Print each line below verbatim, skipping every picture.

§ **STORED DATA**:
——————————
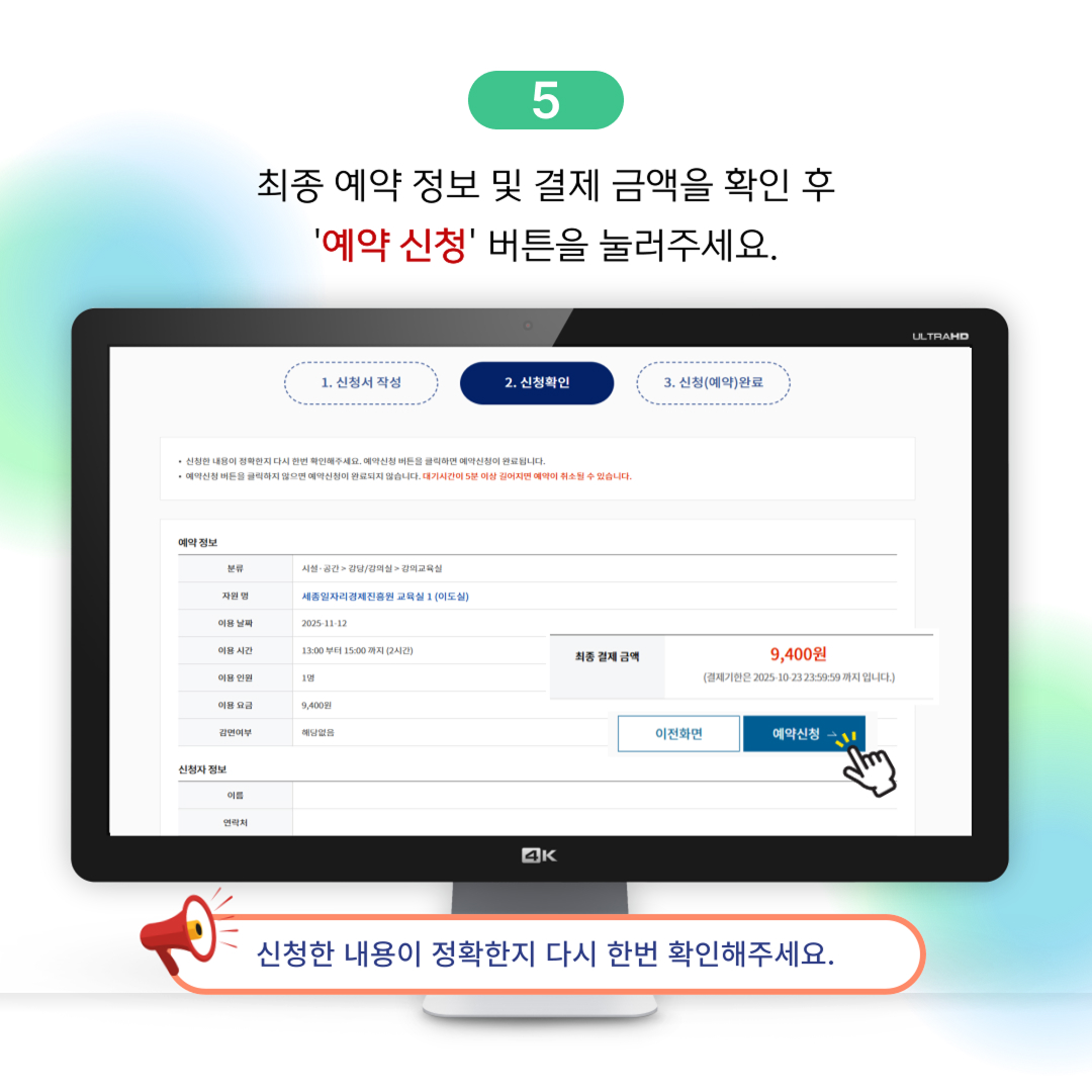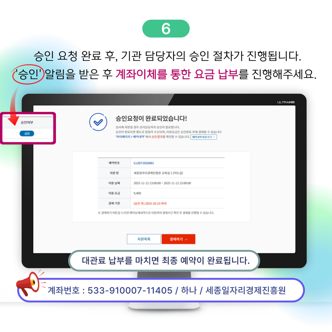 - - 대관료 납부 계좌 : 533-910007-11405 (하나은행), 담당자 안내 후 납부 진행
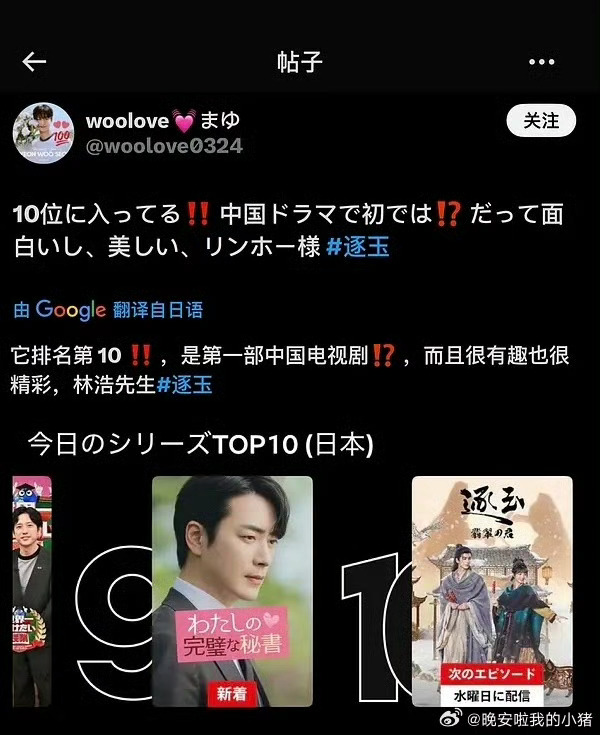 逐玉进入日本网飞TOP10🎉恭喜张凌赫《逐玉》进入日本网飞TOP10!还是第一
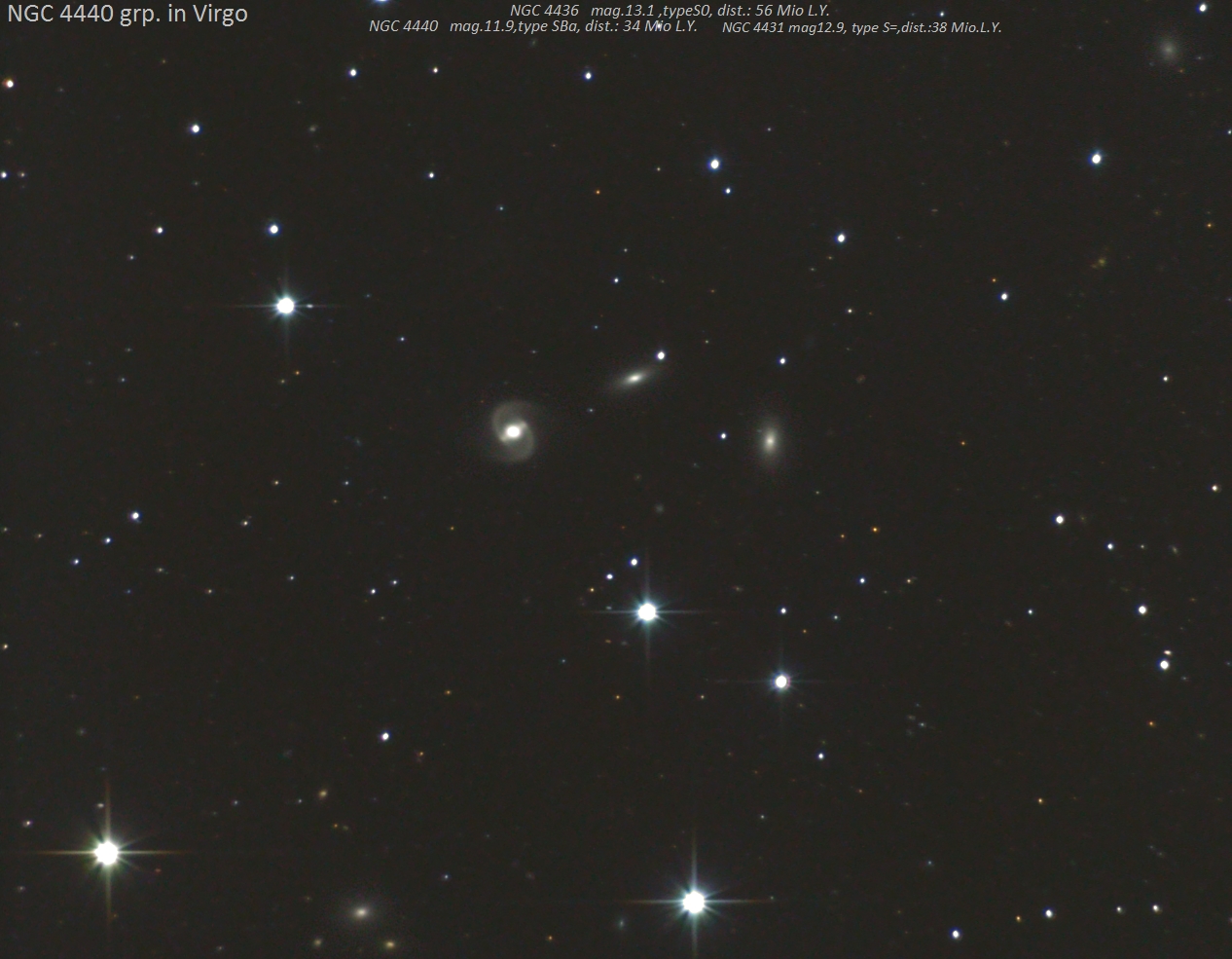 Dieses interessante Trio NGC 4440 (östlich), eine schöne SB-a-Balkenspirale und die zwei SO-Galaxien (Hubble´s lenticular galaxies) gehören zum Virgo-Galaxienhaufen.
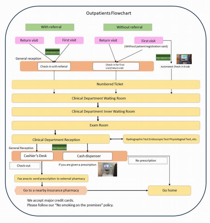 - A Numbered Ticket will be issued which includes a reception number and the day’s schedule such as your appointment time for your exam. Please bring the Numbered Ticket immediately to the reception desk for outpatients.
——————————
§ **OUTPUT FOR THIS EXERCISE**:
 - - 대관료 납부 계좌 : 533-910007-11405 (하나은행), 담당자 안내 후 납부 진행
 逐玉进入日本网飞TOP10🎉恭喜张凌赫《逐玉》进入日本网飞TOP10!还是第一
 Dieses interessante Trio NGC 4440 (östlich), eine schöne SB-a-Balkenspirale und die zwei SO-Galaxien (Hubble´s lenticular galaxies) gehören zum Virgo-Galaxienhaufen.
 - A Numbered Ticket will be issued which includes a reception number and the day’s schedule such as your appointment time for your exam. Please bring the Numbered Ticket immediately to the reception desk for outpatients.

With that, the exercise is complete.